Crowning a true champion

Major college football should adopt playoff system out of sense of fairness

Saturday, July 4, 2009 | 2:04 a.m.

It won’t be long before American sports fans enjoy the kickoff of the 2009 college football season and begin debates over the best teams and conferences in the country.

As the regular season winds down each November and the better teams get invited to participate in financially lucrative bowl games, one question inevitably arises: Which two teams deserve to play in the national championship game?

In other team sports, both at the professional and collegiate levels, a playoff system determines the finalists. Not so in major college football, which instead has what is known as the Bowl Championship Series, or BCS.

The BCS selects its two championship participants by relying on a Byzantine mixture of polls and computer rankings that appears as complex as the formula for an atomic bomb. The result is that other seemingly worthy teams are unfairly left on the sidelines, relegated to lesser bowl games.
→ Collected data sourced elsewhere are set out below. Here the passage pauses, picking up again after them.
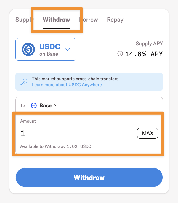 5. Confirm the transaction in your wallet and wait for it to execute. Once successful, the asset will be withdrawn from Moonwell and sent to your onchain wallet.
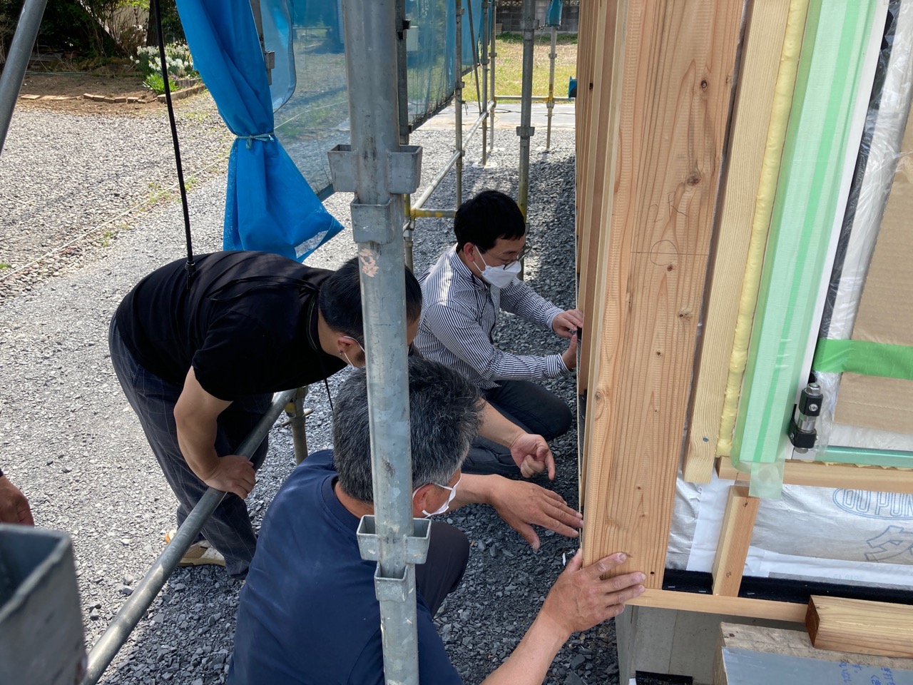 翌朝、早速施工中の現場を拝見にあがりました。ミノワも加入する『新住協』、そのご縁で知り合った宇都宮市の『r設計』主宰のk長先生(左写真右から2人目)です。現在ミノワで検討中のお客様は愛知県の三河地方の方ですが、新住協を通じて全国の設計士さんの中からk長先生を探し当てられたとの事。まさしくその情熱たるや・・。
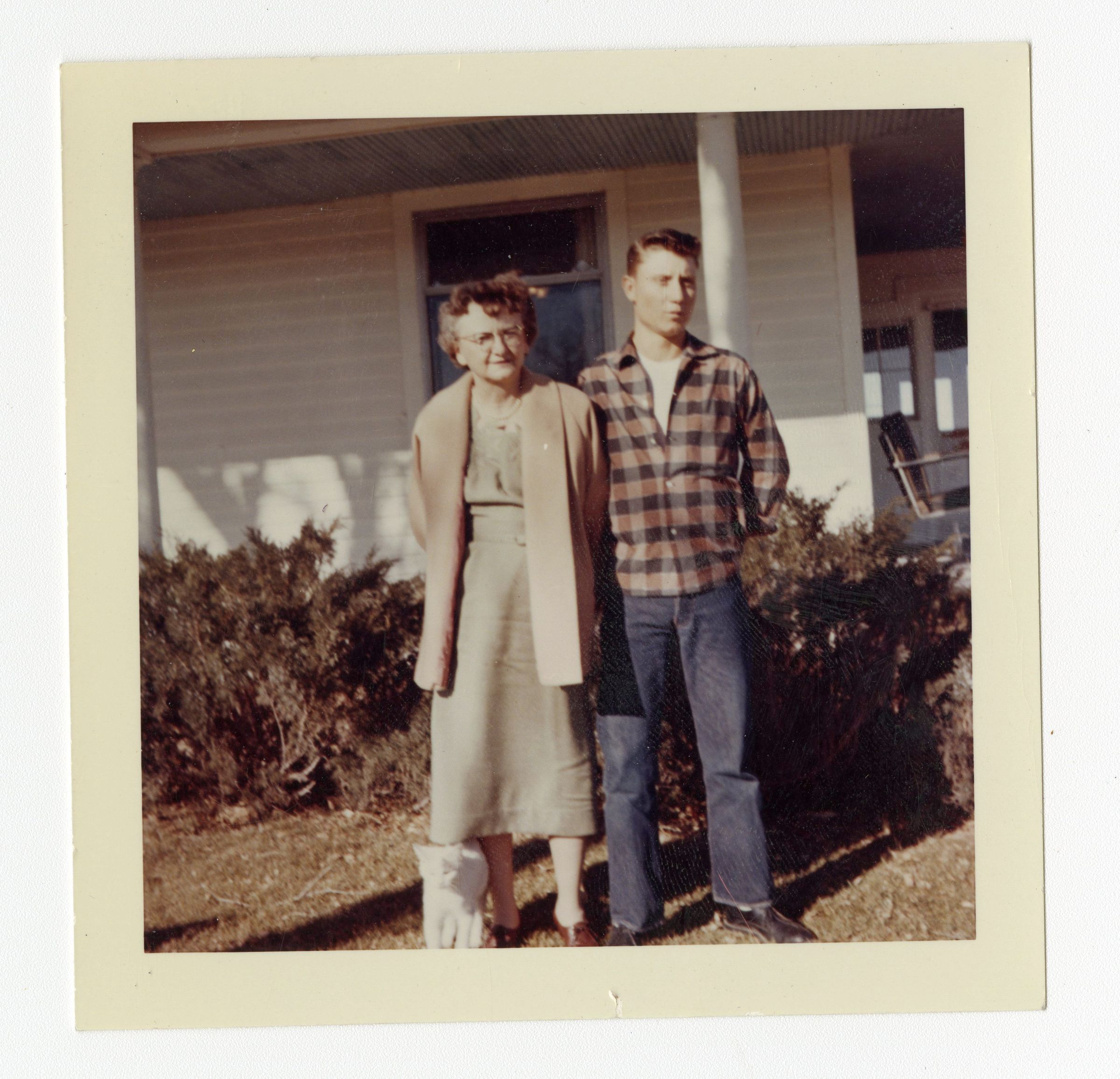 Color photograph of two people, a man and a woman, standing near the porch of a house. The woman is wearing a long beige dress, a tan jacket, and glasses. The man is wearing jeans and a plaid shirt. The woman is identified as Aunt Pat (Margaret Shaw) and the man is identified as Lester K Brunner.Photograph Details

A perfect example occurred last year when the undefeated University of Utah, which competes with UNLV in the Mountain West Conference, was shut out of the national championship game. Instead, the two participants, the Universities of Florida and Oklahoma, each entered the game with one loss. Utah had to settle for a 31-17 victory against the University of Alabama in the Sugar Bowl to complete its perfect season.

Sen. Orrin Hatch, R-Utah, understandably is upset with the way the BCS system works. He has called for a congressional hearing to determine whether college football may be violating antitrust laws by restricting competition. But we think Congress has far more serious issues to deal with.

That said, there is no question that major college football should switch to a playoff format that would be fairer than the current system while doing a better job of crowning a true champion. Until that happens, we will be left wondering whether the winner of the championship game is truly the best team in college football.